All of that was only the tip of the dysfunctional iceberg.
The 118th Republican majority House of Representatives had over 700 votes last year but passed fewer than 30 laws. This has made them the least productive House of Representatives since the Great Depression. For everyone in the US who is under the age of 80, that makes this House the worst of our lifetime.
It isn’t an issue of a divided Congress. The first session of the 116th Congress had a Democrat House, a Republican Senate and a Republican President, the exact inverse of the first session of the 118th. You can see by the chart below the difference in their performance.
This stark difference is due to the fact that MAGA Republicans have insisted on voting on issues such as trying to defund federal organizations, to reduce government official salaries to 0, to start impeachments on anyone they can think of, and to bring up extreme bills such as the Parents Bill of Rights that they know will never get traction in the Senate.
They want to govern based on what gives them the best sound bites and tweets, not what will solve problems and enable progress. It doesn’t matter how many times their own votes fail, clearly.
This is the reason why so many members have been spending all of their time on an impeachment inquiry into President Biden that has yielded zero results and no evidence of any wrongdoing by the President. Yet they continue for the sound bites.
Even just last week Republicans failed two votes in the same day. The first was the initial impeachment attempt against Secretary of Homeland Security Alejandro Mayorkas where Republicans miscounted their votes, a very inexperienced type of mistake, and the second was a vote on aid to Israel in an attempt to undermine the Senate’s bipartisan aid bill.
When these failures happen, Republicans are quick to blame Democrats.
Marjorie Taylor Greene claimed that Democrats were “hiding members” because Al Green was at the hospital but rushed back, still in the hospital gown, to cast his vote. That isn’t Democrats hiding votes, it is Republicans being shady by trying to pass a tough vote while opposing members are supposed to be having surgery.

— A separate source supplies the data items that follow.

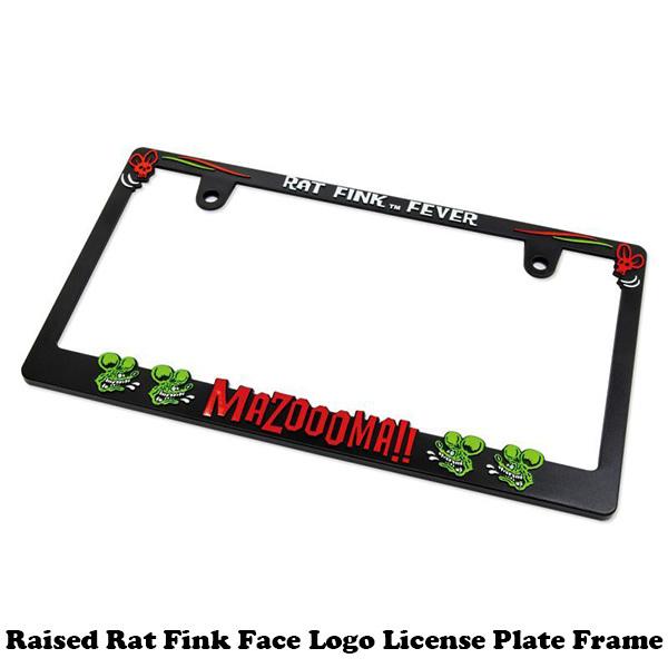 Raised Rat Fink ラットフィンク フェイス ロゴ ライセンス プレート フレーム ブラック ナンバーフレーム 新基準 アメリカ 後つけ 枠 カー用品 アクセサリー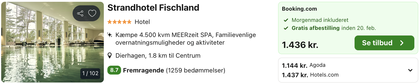 Vi har taget udgangspunkt i et ophold fra den 7. – 8. marts på Strandhotel Fischland, der er et smukt 5-stjernet strandhotel, der ligger direkte ved Østersøen, omgivet af brede strande, duftende fyrreskov og bølgende klitter. Værelser og suiter er lyse, rummelige og indrettet i en afslappet nordisk stil, mange med egen balkon, hvorfra man kan nyde udsigten over havet eller den omkringliggende natur.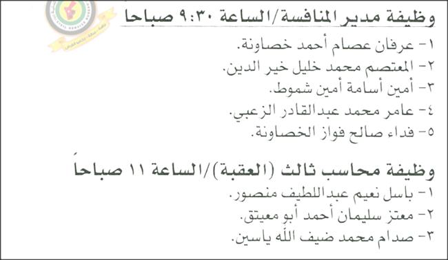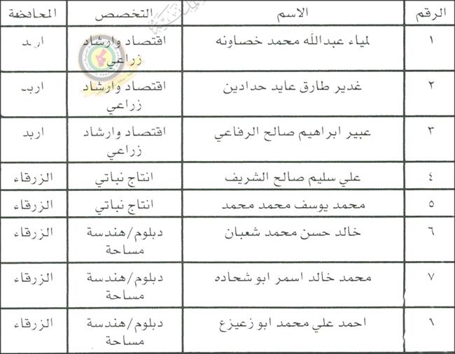 كما دعت وزارة الزراعة التالية اسماؤهم إلى مراجعة الوزارة الثلاثاء المقبل، لإجراء مقابلات شخصية لغايات التعيين.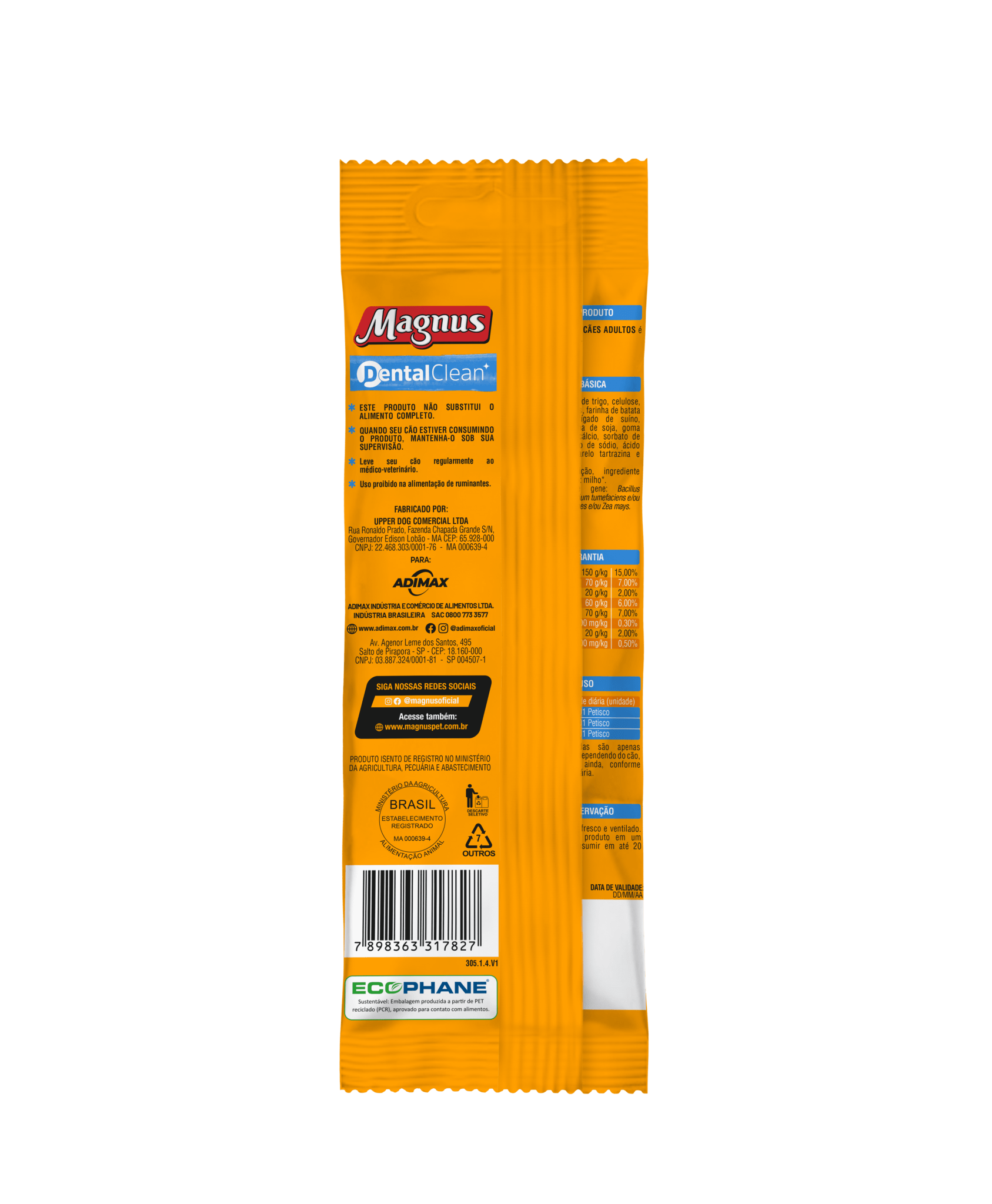 Amido de Milho*, farinha de trigo, celulose, farinha de vísceras de aves, farinha de batata doce, hidrolisado de fígado de suíno, glicerina, gelatina, lecitina de soja**, goma xantana, propionato de cálcio, sorbato de potássio, hexametafosfato de sódio, corantes (amarelo tartrazina e amarelo crepúsculo). Contém, na composição, alimento geneticamente modificado: milho* e soja**.

And Speaker Johnson blamed Democrats for stopping his rushed Israel aid bill. But as the Speaker of the House it is his responsibility to plan legislation carefully and make sure he has the votes before bringing it to the floor.
This week the Republicans again voted to impeach Mayorkas. They managed to succeed by a single vote. It is a near certainty that the Senate will end this impeachment quickly without any action against Mayorkas making it a complete waste of everyone’s time. But it did create sound bites and tweets.
Mayorkas is not guilty of any crime. There were no laws that weren’t being enforced. He was impeached over policy differences. Policies that Republicans refuse to change as it would require working across the aisle to legislate solutions.
The impeachment doesn’t change the border or any of the factors surrounding it. And yet that is what Republicans spent their time on while calling a bipartisan border bill dead on arrival before they even read it.
This strategy is backfiring on Republicans in a big way. On social media you routinely see Republican voters blasting politicians for not solving issues that the GOP is complaining about. “Then do something!” is a common theme in replies.
When you run on “draining the swamp” and defeating the “deep state” only to then get into office to obstruct every bill, attempt to shut down the government at every turn, and lose out to Democratic maneuvering in each battle, people notice.
When you spend years fear mongering about the border by calling it a crisis, a national security risk, an invasion, and telling America that criminals and terrorists are flowing into our country only to then turn around and stop a bill that could fix it, voters shift the blame to you.
The American public has realized that Republicans cannot govern. That MAGA politicians are out for chaos, not legislating.
Republicans should start preparing for more election losses.